Bolling's live discussion with Stelter on CNN on March 25 was the most extensive interview he had given since leaving Fox News and the death of his son.  The whole segment, which runs about 13 minutes, begins at 11:27 A.M. E.T., or 27 minutes into the hour-long program.  It includes a revealing Q and A about Bolling's experiences at Fox News, and the transcript is well worth a read.  The segment concludes with this exchange:

BRIAN STELTER, HOST CNN Reliable Sources: A year from now, you think you'll be in the government or you'll be on television?

BOLLING: All I know is, at this moment, my goal in life is to save families from the opioid scourge that we have been – honestly, horrendously dealing with for the past seven months.

STELTER: Yes.

BOLLING: Losing a child is nowhere anyone should be, and hopefully, what I'm doing with the opioid push with the White House, with the help of the White House, will save some lives.  And that's really my – I'll let God light the next path for me.  Right now, that's my only path.

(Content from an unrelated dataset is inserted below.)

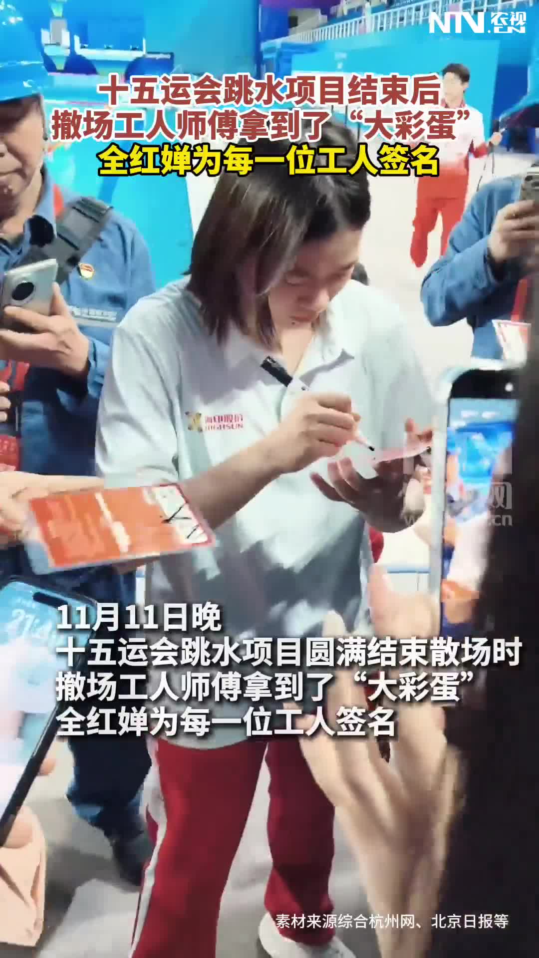 十五运会跳水项目结束后全红婵为每一位工人签名

Bolling has reportedly been in talks with several other major and potential future media outlets about hosting a show.  His new gig with CRTV online will not necessarily preclude a simultaneous job with a cable outlet.  Possibilities that have been mentioned include something with a new conservative cable network that may emerge from the proposed acquisition of Tribune Media by Sinclair Broadcasting Group.

Bolling said he will be relocating from New Jersey to Washington, D.C. soon so he can host his new CRTV program from the nation's capital.